Two Hands boasts some wonderful scenes set in Sydney’s now almost completely gentrified former vice area of Kings Cross.

Chopper (2000)

Director: Andrew Dominik

Chopper (2000)

Andrew Dominik’s biopic of career criminal Mark ‘Chopper’ Read is another excellent directorial debut. The film’s tagline, “Never let the truth get in the way of a good yarn”, was the modus operandi of the former gangster, a tabloid newspaper commentator and author of bestselling exposés of questionable accuracy about Melbourne’s criminal underworld.

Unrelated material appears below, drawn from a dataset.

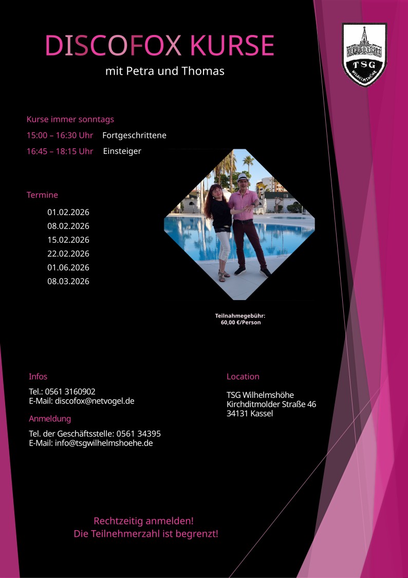 Neue DISCOFOX – Kurse mit 6 Terminen beginnen am Sonntag, den 01. Februar in unserem Kursraum im Vereinsheim.

Beginning with his 16-year prison stretch for kidnapping, the story shifts to Read’s release and half-hearted effort to put his life together and reconcile with his girlfriend, while settling old scores, then back to prison, where he writes his first bestseller. Eric Bana plays Chopper with scene-stealing zest, bouncing off an excellent supporting cast. Dominik injects the story with an unpredictable, at times almost surreal feel and bursts of violence that veer between horrific and almost comedic. Chopper is a wonderful tale of low-life lawlessness and a sharp comment on the Australian public’s fascination with real-life gangsters.

Animal Kingdom (2010)

Director: David Michôd

Animal Kingdom (2010)

After the death of his junkie mother, 17-year-old Josh (James Frecheville) goes to live with his grandmother Janine ‘Smurf’ Cody (Jacki Weaver) and her brood of four criminal sons, who are locked in a battle with the hardened police armed robbery squad. Uncle Baz (Joel Edgerton) is the only one smart enough to see the family’s criminal days are numbered. His death is the signal for all hell to break loose.

Writer and director David Michod allows Animal Kingdom’s plot to unfold with little context, creating a sense of fear and disorientation. In what was only his second role, Frecheville is the weak link, but his lack of dramatic ability is more than balanced out by the other performances, including Weaver’s chilling turn as the scheming matriarch who will do anything to hold her family together. One of several large and small screen productions based on a notorious Melbourne crime family, the Pettingills.

Mystery Road (2013)

Director: Ivan Sen

Mystery Road (2013)

The first of Ivan Sen’s films to feature Aaron Pedersen as Jay Swan, Mystery Road sees the Aboriginal detective investigate the murder of a young Indigenous woman in a small town in the Queensland outback. Swan soon links the crime to the fatality of another young Aboriginal woman, local criminal interests involved in drugs and prostitution, and a possible connection much closer to his own life.

Mystery Road is a solid rural noir, but what makes it particularly significant is Sen’s examination of the dark side of outback Australia, and, more importantly, the pressures on Swan as a black man working in a white police force, in a fragmented Indigenous culture. As in its sequel, Goldstone, Sen is not afraid to take risks, the biggest one being his use of genre cinema to engage white Australian audiences in a dialogue about racism.